Every ChainCode ends with a fixed 4-character suffix so rows align vertically, even when the compressed time code contains noisy symbols.

--->  chain start
---<  chain end / leaf
---x  connector / spawned another decision branch
-->x  chain start + connector
--><  single-event chain: start + end
----  middle / ordinary link

Examples:

AR[O-14][R-10][V-216]-B3-Tl(8^--->
AS[O-14][R-10][V-216]-B3-Tl(9@----
AS[O-14][R-22][V-216]-B5-Tl(A2---<
AU[O-99][R-31][V-400]-B3-Tk#7--><

Storage rule

Store the normal database columns and matrix links. Generate ChainCode on request for:

  • selected-row exports;
  • audit packs;
  • debug panels;
  • "copy chain" tools;
  • bulk comparison tables.

If performance later requires caching, cache ChainCode as a derived artifact that can be regenerated from the canonical event and matrix data.

12) Brainframe memory and decay

The matrix preserves full history. Brainframe active memory decides what remains in focus.

Useful pattern:

current_score = initial_score + frequency_bump - (decay_rate * time_passed)

Low-severity routine events can decay out of active context while staying queryable forever. High-severity events, such as emergency HELP actions, should spike into active attention and decay slowly or not at all until explicitly resolved.

This lets Reggie and Henry keep a finite working set without losing long-term lineage.

13) Prompt assembly

When an agent needs to make a decision, the prompt should be assembled from structured context rather than a giant unfiltered log.

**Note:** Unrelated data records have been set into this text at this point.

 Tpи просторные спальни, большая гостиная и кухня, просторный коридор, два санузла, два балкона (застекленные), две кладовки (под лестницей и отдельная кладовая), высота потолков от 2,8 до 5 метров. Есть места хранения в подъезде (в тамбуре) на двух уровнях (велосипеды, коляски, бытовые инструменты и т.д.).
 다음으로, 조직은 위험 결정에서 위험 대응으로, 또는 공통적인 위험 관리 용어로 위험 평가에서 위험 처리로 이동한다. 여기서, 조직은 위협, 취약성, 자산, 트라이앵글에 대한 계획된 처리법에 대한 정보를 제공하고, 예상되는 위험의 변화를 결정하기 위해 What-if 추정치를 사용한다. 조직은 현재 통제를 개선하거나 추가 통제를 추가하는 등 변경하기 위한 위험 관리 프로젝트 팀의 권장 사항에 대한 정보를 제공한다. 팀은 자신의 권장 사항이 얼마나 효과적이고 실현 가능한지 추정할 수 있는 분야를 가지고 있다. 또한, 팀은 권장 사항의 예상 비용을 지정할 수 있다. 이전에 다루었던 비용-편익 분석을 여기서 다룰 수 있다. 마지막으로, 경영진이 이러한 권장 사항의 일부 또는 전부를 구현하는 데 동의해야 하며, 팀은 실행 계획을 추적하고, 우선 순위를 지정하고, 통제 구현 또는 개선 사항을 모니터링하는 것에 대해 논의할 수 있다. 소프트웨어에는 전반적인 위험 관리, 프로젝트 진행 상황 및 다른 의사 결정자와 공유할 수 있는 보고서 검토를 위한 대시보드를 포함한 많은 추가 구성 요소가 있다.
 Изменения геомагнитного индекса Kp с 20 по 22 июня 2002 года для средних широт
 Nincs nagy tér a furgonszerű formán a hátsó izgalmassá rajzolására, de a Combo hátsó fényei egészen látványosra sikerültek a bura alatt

Recommended retrieval order:

  1. root O-Tag context;
  2. current R-Tag branch and upstream parents;
  3. active V-Pol constraints;
  4. relevant un-decayed context bucket rows;
  5. current operational card state.

If the agent makes a new meaningful decision, it mints a new R-Tag and links it into the matrix.

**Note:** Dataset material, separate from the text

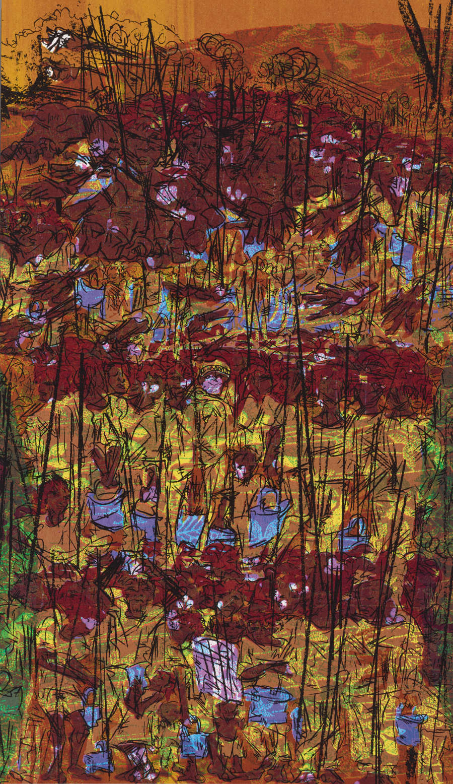 Edition number inscribed in graphite in LL: 3/11. Title inscribed in graphite in LC: “Nomkhubulwane Fled.” Signature inscribed in graphite in LR: Jazzmen Lee-Johnson ’19.
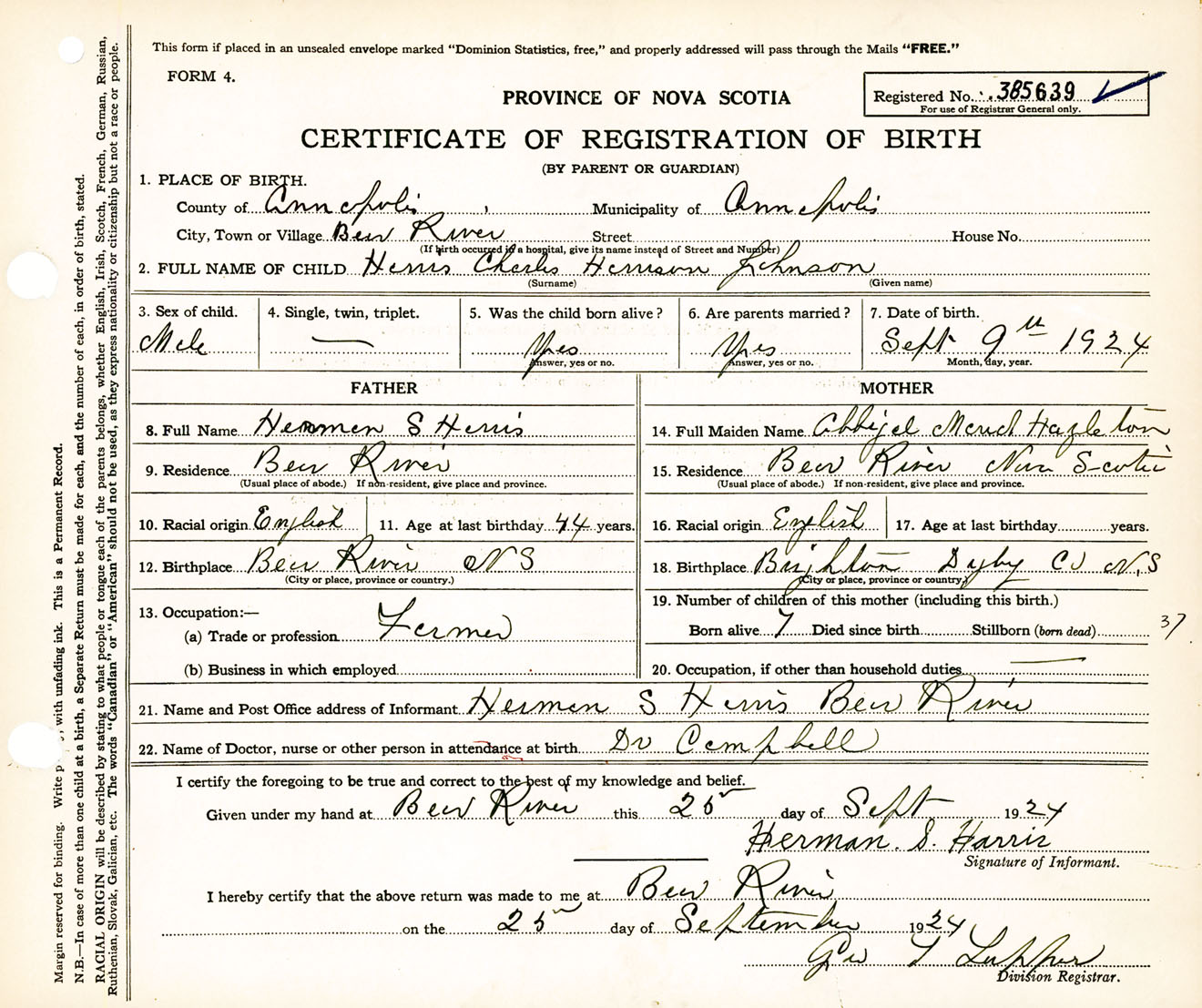 Male Birth Registration: Year: 1924 number: 38500639

14) HAL and V-Pol creation

HAL is the Human Assist Layer. It is not only login or authentication.

When Brainframe cannot find a valid V-Pol:

  1. Brainframe proposes an action and marks the missing authority.
  2. HAL packages the O/R context into a human review link or dashboard.
  3. The human approves, modifies, or rejects.
  4. That intervention becomes the authority for this action.
  5. Repeated approved patterns may become future V-Pol precedent.

This is how RABS can start safely with human-in-the-loop decisions and gradually build validated operational margins.

15) Implementation contract

For developers:

  • Prefer relational IDs and edge tables over encoded tag strings.
  • Generate ChainCode as an export/debug/audit view, not as canonical storage.
  • Keep ChainCode suffixes fixed-width for visual alignment.
  • Treat O/R/V as causal trace, not decorative metadata.
  • Do not mint R-Tags for routine template execution.
  • Agent decisions require a V-Pol or HAL escalation.
  • Human material changes require a reason.
  • Deterministic cascades inherit O/R/V.
  • New discretionary branches mint new R-Tags.
  • Operational rows do not all need hard O/R/V columns on day one; they only need reliable traceability to the event/reason chain.
  • Unknown or unlinked changes should be surfaced as trace gaps, not silently ignored.

Adapted from admin/agentSPACE/agentDUMP/chatdump.pdf, reviewed 2026-05-27.

End of chapter